Provided material section start
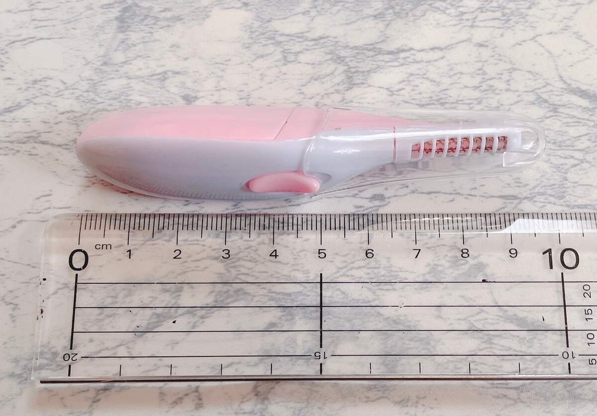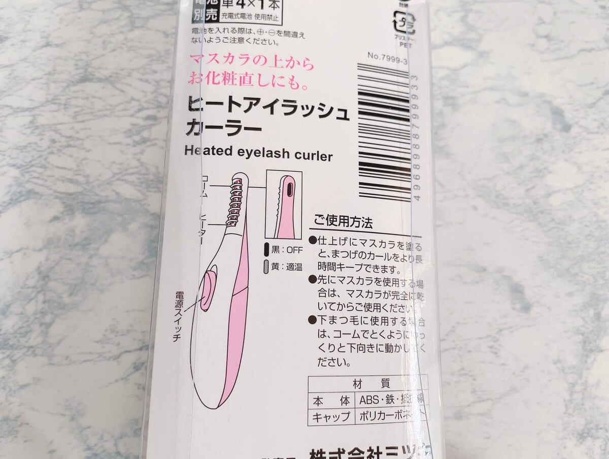 ダイソーの「ヒートアイラッシュカーラー」200円です。要はまつ毛のビューラーなのですが、ビューラーの様に挟んでまつ毛を持ち上げるものとは違い、ヒーターの熱でまつ毛のカールを作るアイテムです。
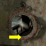 From the book on the table inside THE HOUSE UNDER THE STAIRS you learn that "the ‘hanging stones’ contain a great and secret force called four and forty…". The pages in the book contain certain ‘numbers’ – the only combination of which that add up to 44 are (4 + 8 + 32). Note the shape of the frames around these ‘numbers’. The "hanging stones" are on the walls outside the rear of THE HOUSE UNDER THE STAIRS. Only 3 have the same shaped frames as those around the 'numbers' 4, 8 and 32 in the book.
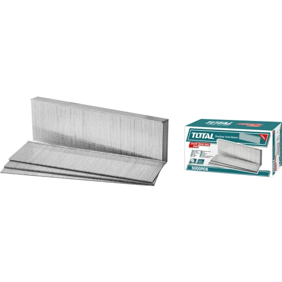 TOTAL TAC918381 - մեխերն օգտագործվում են ստեպլերի հետ աշխատելիս : Նախատեսված է հյուսված թիթեղների նյութը փայտե հիմքին ամուր կցելու համար : Այն օգտագործվում է շինարարության , հարդարման աշխատանքների , ինչպես նաև կահույքի արտադրության մեջ : Պատրաստված է ածխածնային պողպատից և կարծրացված է :
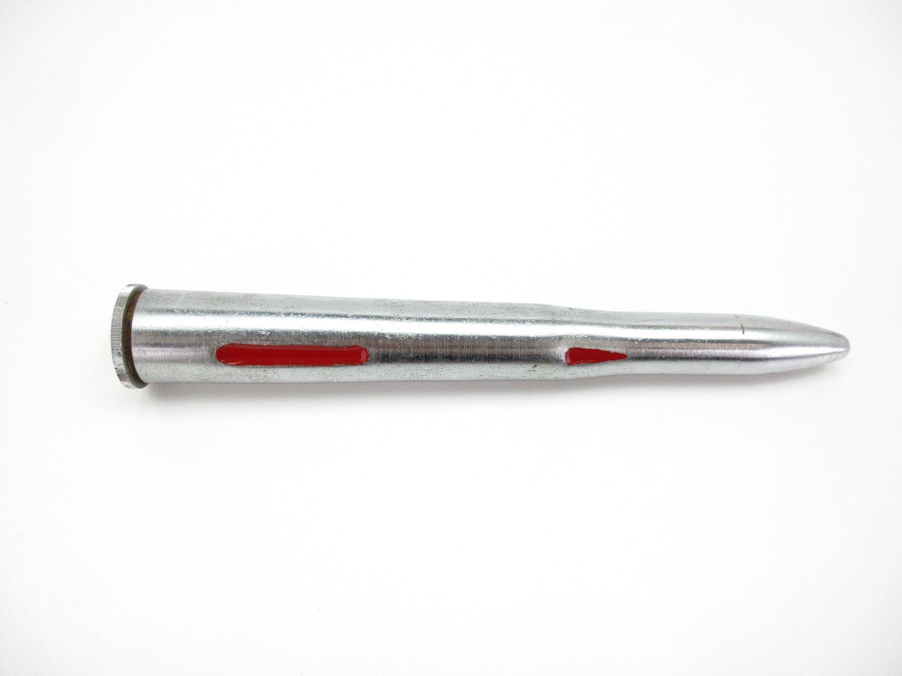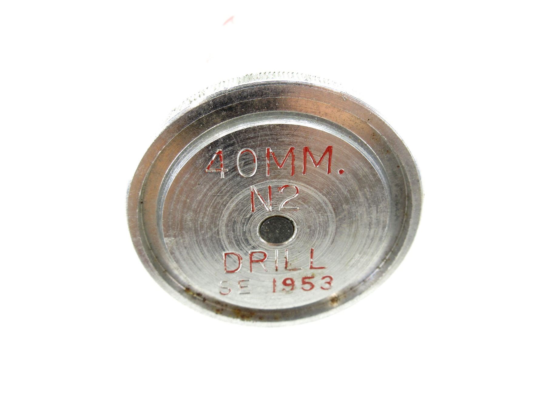 (1) SILVER STEEL WITH RED PAINTED GROOVES, BASE MARKED: "40MM., N2, DRILL, SE 1953", APPROX. 2.5" DIA. & OAL APPROX. 17 5/8". SEE PHOTOS.
Provided material section end
=== Prompt ===
Output exactly the lines from the one that has "TOTAL TAC918381 - մեխերն" through the end of the data. Do not include pictures.

=== Solution for this task ===
 TOTAL TAC918381 - մեխերն օգտագործվում են ստեպլերի հետ աշխատելիս : Նախատեսված է հյուսված թիթեղների նյութը փայտե հիմքին ամուր կցելու համար : Այն օգտագործվում է շինարարության , հարդարման աշխատանքների , ինչպես նաև կահույքի արտադրության մեջ : Պատրաստված է ածխածնային պողպատից և կարծրացված է :
 (1) SILVER STEEL WITH RED PAINTED GROOVES, BASE MARKED: "40MM., N2, DRILL, SE 1953", APPROX. 2.5" DIA. & OAL APPROX. 17 5/8". SEE PHOTOS.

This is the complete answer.